Permatang Damar Laut is a coastal village within the city of George Town in the Malaysian state of Penang. It is located at the southern tip of Penang Island, about 17 km south of the city centre, making it the southernmost human settlement on the island. The village is hemmed in between the Penang International Airport to the north and the Malacca Strait to the south.

== Etymology ==
The Malay word 'Permatang' refers to the village's geographic landform, as it is situated on a ridge surrounded by mangrove swamps. 'Damar' in Malay means resin whilst Laut' is the Malay word for the sea; the village was purportedly where resin-producing trees once grew along the shore, hence the phrase 'Damar Laut'.

== History ==
According to historians in Universiti Sains Malaysia, the village of Permatang Damar Laut was founded in the late 18th century by three pioneers of Indonesian origin - Pah Kechil, Jamaluddin and Nakhoda Che Salleh. The village was one of the handful of autonomous Malay settlements that were established at the south of Penang Island at the time.

== Transportation ==
The main road within Permatang Damar Laut is Jalan Permatang Damar Laut, which forms part of the Federal Route 6. The thoroughfare cuts through the village, linking it with Batu Maung to the east and the old town of Bayan Lepas to the west. Permatang Damar Laut is also the southern terminus of Rapid Penang's bus route 302, which connects the village with several destinations along the eastern half of Penang Island, such as Batu Maung, Bayan Lepas, Bayan Baru and the city centre.

To alleviate worsening traffic congestion in the area, the Malaysian Public Works Department has widened a stretch of the road leading to the village in 2017. The project also included the construction of a flyover and an elevated U-turn.

== Education ==
Permatang Damar Laut is served by a single primary school - SRK Permatang Damar Laut.

== Health care ==
The village contains a haemodialysis centre operated by the Penang Fo Yi Haemodialysis Society. Opened in 2017, the Fo Yi Medicare Centre is equipped with 30 dialysis machines, which allow it to treat 180 kidney patients per month.

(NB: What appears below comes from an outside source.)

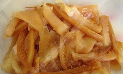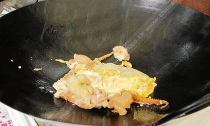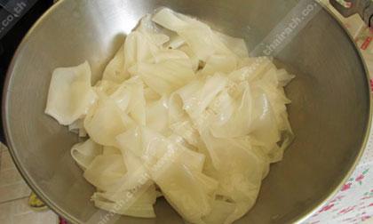 วิธีทำ 1) หั่นไก่ขนาดพอคำ ปริมาณ 1/2 กก. นำไปหมักกับซีอิ๊วขาว, น้ำมันหอย, น้ำตาลทราย อย่างละ 1/2 ชช. และน้ำมันพืช 1 ชช. จากนั้นแช่ตู้เย็นไว้ 1 คืน เพื่อให้เนื้อไก่นุ่มและเครื่องปรุงซึมเข้าเนื้อ แต่ถ้าไม่มีเวลาควรจะหมักให้ได้อย่างน้อย 2 ชม. 2) ตั้งกระทะบนเตาให้ร้อน จึงใส่น้ำมัน 1 ชต. รอจนน้ำมันร้อนดีค่อยใส่ไก่หมักประมาณ 80 กรัม และกระเทียมลงพร้อมกัน ผัดจนไก่ใกล้สุก 3) ใส่เส้นลงไปประมาณ 100 กรัม ผัดจนเส้นมีกลิ่นหอม จึงใส่ปลาหมึกกรอบประมาณ 5-6 ชิ้น และเติมน้ำมันอีก 1 ชช. และตอกไข่ลงไปผัดให้เข้ากัน 4) ปรุงรสด้วยซีอิ๊วขาว น้ำมันหอย น้ำตาลทราย และตังฉ่ายสับอย่างละ 1 ชช. ก่อน ตักขึ้นจากกระทะ ค่อยใส่ต้นหอมซอย และตักใส่จานที่รองด้วยผักกาดหอม พร้อมกับโรยพริกไทยก่อนเสิร์ฟ
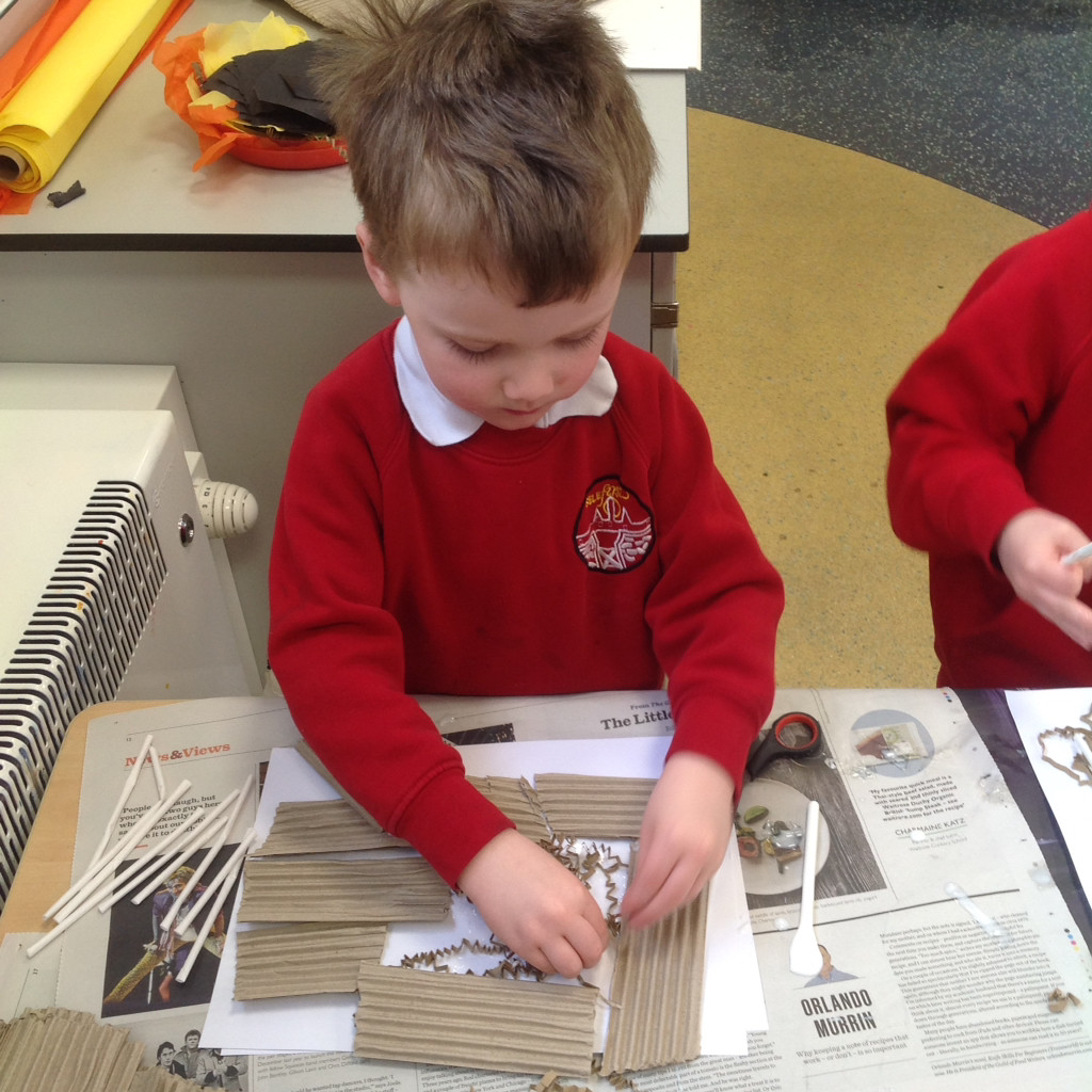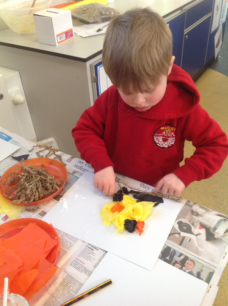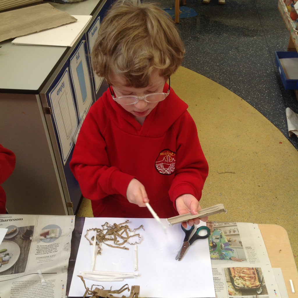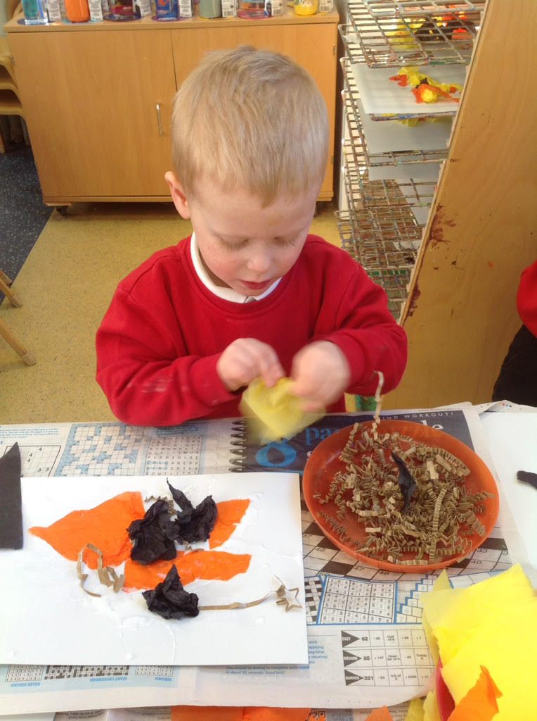 We used recycled materials to create a hen house and collage chick, practicing our cutting skills and spreading glue!

==Alleged effect of Silicon Island reclamation==

In November 2024, Silicon Island reclamation works were suggested by the state housing and environment committee chairman to have caused pollution and algal bloom at nearby Pantai Esen beach.

The Penang infrastructure, transport and digital committee chairman, however, claimed lack of evidence to prove that it was because of reclamation and instead blamed it on agricultural activity and sewage treatment.